Now why do we need the mezosphere? Because it protects the stratosphere, that includes the ozone layer.


The lowest part of the Earth's atmosphere, the troposphere extends from the surface to about 10 km (6.2 mi). Above that is the stratosphere, followed by the mesosphere. In the stratosphere incoming solar radiation creates the ozone layer.


Now if all the radiation (charged particles) would be deflected, then we would not have an ozone layer, and we would not be protected from UV radiation.


Ultraviolet (UV), X-ray and shorter wavelengths of solar radiation are ionizing, since photons at these frequencies contain sufficient energy to dislodge an electron from a neutral gas atom or molecule upon absorption. In this process the light electron obtains a high velocity so that the temperature of the created electronic gas is much higher (of the order of thousand K) than the one of ions and neutrals. The reverse process to ionization is recombination, in which a free electron is "captured" by a positive ion. Recombination occurs spontaneously, and causes the emission of a photon carrying away the energy produced upon recombination. As gas density increases at lower altitudes, the recombination process prevails, since the gas molecules and ions are closer together. The balance between these two processes determines the quantity of ionization present.


It is very important to understand that the solar wind could strip away the ozone layer.
But your question is about the stripping away of the atmosphere, and why the solar wind does not do that. Now the solar wind exerts a pressure. If this pressure reached the atmosphere, it would strip it away.
Now the magnetosphere has a pressure too, and it counterbalances the pressure of the solar wind.

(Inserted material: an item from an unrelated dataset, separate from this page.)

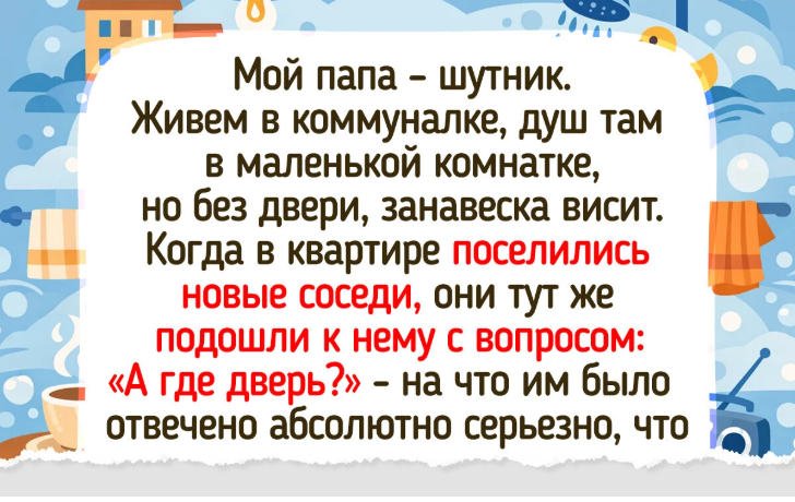 - Мой папа — шутник. Живем в коммуналке, душ сделан в виде маленькой комнатки, но без двери, занавеска висит. Когда в квартире поселились новые соседи, они тут же подошли к нему с вопросом: «А где дверь?» — на что им было отвечено абсолютно серьезно, что у каждого из соседей дверь своя, и когда они идут мыться, они просто вешают ее на петли, а потом также забирают с собой. Видели бы вы глаза соседей, когда эти студентки просили их показать свою дверь для душа, чтобы заказать себе такую же.
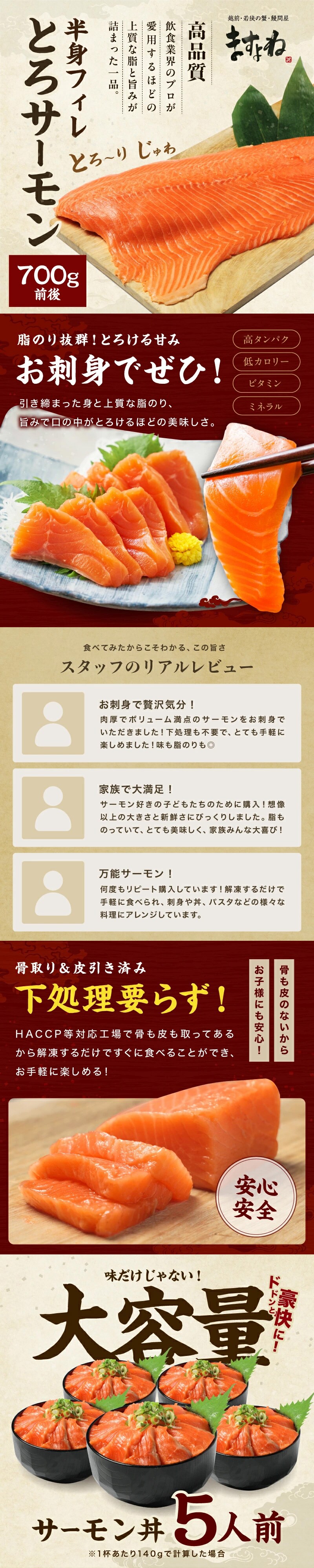 お刺身用 とろサーモン (半身フィレ) 700g前後 骨無し&皮無し ※生食用/冷凍 さーもん サーモン トラウト 刺身 お取り寄せ 業務用 冷凍のレビュー

Earth's magnetic field, predominantly dipolar at its surface, is distorted further out by the solar wind. This is a stream of charged particles leaving the Sun's corona and accelerating to a speed of 200 to 1000 kilometres per second. They carry with them a magnetic field, the interplanetary magnetic field (IMF).[24]
    The solar wind exerts a pressure, and if it could reach Earth's atmosphere it would erode it. However, it is kept away by the pressure of the Earth's magnetic field. The magnetopause, the area where the pressures balance, is the boundary of the magnetosphere. Despite its name, the magnetosphere is asymmetric, with the sunward side being about 10 Earth radii out but the other side stretching out in a magnetotail that extends beyond 200 Earth radii.[25] Sunward of the magnetopause is the bow shock, the area where the solar wind slows abruptly.

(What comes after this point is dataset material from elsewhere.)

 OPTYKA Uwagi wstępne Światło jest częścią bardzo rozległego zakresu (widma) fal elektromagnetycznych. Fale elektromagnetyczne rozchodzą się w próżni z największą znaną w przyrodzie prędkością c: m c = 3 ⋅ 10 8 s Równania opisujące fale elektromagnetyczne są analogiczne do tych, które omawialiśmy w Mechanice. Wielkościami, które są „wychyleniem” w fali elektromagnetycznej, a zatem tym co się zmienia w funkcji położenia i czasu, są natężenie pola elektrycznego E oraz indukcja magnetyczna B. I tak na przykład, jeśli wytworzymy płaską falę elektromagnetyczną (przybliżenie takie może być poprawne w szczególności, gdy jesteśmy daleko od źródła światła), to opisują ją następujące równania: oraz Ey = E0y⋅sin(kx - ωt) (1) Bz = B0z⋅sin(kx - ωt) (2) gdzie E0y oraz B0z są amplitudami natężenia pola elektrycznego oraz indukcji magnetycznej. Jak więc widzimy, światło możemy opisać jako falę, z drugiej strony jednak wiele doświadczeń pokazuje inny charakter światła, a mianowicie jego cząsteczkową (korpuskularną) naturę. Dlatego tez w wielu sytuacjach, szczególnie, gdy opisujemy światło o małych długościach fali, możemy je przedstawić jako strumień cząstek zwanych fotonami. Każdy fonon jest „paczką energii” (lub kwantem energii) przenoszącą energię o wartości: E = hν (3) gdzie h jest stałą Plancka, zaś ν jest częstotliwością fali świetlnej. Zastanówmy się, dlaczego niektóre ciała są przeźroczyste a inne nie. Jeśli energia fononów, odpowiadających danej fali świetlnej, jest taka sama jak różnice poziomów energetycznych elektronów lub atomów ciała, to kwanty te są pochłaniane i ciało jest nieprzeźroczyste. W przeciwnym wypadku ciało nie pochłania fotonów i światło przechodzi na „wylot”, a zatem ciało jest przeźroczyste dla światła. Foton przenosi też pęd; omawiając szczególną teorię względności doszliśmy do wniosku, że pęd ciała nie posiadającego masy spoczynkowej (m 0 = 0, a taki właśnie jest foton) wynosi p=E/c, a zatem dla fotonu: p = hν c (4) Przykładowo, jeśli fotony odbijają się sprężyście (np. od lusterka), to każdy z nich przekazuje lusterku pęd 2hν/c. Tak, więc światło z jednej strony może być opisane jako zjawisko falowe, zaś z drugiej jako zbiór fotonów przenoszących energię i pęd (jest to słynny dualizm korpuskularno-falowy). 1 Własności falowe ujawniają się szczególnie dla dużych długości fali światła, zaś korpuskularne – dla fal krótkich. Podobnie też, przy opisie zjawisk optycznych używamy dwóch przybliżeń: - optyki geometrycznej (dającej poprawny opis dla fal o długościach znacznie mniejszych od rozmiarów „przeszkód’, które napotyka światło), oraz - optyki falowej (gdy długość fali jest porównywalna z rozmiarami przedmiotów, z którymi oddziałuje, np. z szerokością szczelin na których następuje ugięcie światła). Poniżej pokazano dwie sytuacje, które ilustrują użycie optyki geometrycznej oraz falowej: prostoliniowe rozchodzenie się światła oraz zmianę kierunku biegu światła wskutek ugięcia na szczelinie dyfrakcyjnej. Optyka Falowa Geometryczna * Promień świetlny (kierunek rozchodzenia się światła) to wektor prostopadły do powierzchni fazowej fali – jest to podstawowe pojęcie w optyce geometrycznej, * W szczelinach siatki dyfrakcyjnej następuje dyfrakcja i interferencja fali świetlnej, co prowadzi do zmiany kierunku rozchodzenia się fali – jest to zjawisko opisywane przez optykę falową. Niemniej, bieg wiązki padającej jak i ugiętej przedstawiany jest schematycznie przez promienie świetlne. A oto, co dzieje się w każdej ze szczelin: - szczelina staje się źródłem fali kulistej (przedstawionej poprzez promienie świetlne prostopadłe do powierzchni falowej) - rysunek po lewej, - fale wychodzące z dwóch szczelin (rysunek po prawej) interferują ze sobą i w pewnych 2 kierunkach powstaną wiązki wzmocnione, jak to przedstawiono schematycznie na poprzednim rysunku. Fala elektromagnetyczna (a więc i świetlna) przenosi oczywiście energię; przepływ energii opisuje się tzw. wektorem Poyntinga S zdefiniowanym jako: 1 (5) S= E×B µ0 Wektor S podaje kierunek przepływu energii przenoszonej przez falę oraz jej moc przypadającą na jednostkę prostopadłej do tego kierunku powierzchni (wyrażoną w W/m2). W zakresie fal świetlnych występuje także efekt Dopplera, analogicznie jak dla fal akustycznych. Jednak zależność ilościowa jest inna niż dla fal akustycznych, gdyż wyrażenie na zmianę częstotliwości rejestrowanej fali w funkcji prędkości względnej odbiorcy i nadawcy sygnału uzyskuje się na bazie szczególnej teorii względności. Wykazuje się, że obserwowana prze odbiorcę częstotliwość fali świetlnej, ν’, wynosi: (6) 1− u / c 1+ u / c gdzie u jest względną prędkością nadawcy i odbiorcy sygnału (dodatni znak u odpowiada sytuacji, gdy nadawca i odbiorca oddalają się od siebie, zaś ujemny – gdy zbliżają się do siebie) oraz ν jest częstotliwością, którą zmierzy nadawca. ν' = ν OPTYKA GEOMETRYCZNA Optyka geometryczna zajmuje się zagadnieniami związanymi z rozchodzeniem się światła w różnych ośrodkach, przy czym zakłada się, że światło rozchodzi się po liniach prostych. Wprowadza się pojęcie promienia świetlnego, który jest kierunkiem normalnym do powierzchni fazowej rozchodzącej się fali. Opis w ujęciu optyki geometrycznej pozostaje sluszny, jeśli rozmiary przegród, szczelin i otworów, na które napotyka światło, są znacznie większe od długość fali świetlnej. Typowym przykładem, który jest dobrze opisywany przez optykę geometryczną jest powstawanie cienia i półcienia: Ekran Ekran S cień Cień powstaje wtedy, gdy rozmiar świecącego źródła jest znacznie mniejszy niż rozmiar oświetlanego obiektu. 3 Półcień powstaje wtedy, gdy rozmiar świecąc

So the answer to your question is:


*

*So basically the charged particles are making up the solar wind, but the pressure of the solar wind is what is important, and that the magnetosphere counterbalances it so the atmosphere is not stripped away.

*It is the ozone layer that needs to be protected, to protect us from UV radiation.

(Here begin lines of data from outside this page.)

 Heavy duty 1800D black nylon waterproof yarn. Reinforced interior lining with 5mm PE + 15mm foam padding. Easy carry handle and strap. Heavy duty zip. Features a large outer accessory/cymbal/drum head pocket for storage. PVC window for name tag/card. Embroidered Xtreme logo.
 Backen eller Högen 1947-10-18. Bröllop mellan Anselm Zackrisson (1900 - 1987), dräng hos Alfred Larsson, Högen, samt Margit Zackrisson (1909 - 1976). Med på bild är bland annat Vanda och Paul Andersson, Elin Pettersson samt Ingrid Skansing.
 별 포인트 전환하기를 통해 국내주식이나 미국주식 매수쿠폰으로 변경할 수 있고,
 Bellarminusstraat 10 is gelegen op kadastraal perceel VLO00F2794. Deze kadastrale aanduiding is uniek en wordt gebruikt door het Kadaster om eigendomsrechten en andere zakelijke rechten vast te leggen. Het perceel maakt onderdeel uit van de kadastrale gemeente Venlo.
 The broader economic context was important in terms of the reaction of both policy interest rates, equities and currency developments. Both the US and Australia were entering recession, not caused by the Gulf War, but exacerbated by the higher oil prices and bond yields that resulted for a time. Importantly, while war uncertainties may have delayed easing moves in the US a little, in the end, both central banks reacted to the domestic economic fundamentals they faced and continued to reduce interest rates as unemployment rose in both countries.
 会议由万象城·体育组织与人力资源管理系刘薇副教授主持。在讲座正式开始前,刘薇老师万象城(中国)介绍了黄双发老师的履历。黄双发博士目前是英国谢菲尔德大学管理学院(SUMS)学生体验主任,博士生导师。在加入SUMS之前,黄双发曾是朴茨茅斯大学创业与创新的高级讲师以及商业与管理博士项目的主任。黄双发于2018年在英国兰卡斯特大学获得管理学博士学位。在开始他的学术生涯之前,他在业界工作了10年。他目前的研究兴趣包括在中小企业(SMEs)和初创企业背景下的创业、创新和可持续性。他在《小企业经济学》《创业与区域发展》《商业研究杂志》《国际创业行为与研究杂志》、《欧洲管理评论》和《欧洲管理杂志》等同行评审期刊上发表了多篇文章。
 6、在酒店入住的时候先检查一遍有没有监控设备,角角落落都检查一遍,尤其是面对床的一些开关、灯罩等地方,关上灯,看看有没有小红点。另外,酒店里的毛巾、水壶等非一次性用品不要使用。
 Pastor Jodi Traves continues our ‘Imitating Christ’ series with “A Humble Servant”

Some of the charged particles do get into the magnetosphere. These spiral around field lines, bouncing back and forth between the poles several times per second. In addition, positive ions slowly drift westward and negative ions drift eastward, giving rise to a ring current.


The answer to your question is that most of the charged particles do get deflected.
After the comment, the question is more about the QM level explanation of how the pressure of the magnetosphere deflects the electrons, protons and alpha particles of the solar wind.
Now the magnetosphere has energy, and as the solar wind's particles reach the magnetosphere, the magnetic field of the Earth starts to interact with the solar wind's particles. This interaction is mediated by virtual photons.
Virtual photons are not real photons, they are off mass shell, though, they are a mathematical way of describing the interaction between the field and the solar wind's particles.
Now as the solar wind's particles interact with the magnetic field of the Earth, the magnetic field's energy is transferred to the solar wind's particles as kinetic energy and momentum, via virtual photons, thus the solar wind's particles trajectory, momentum changes so that they move away from the Earth.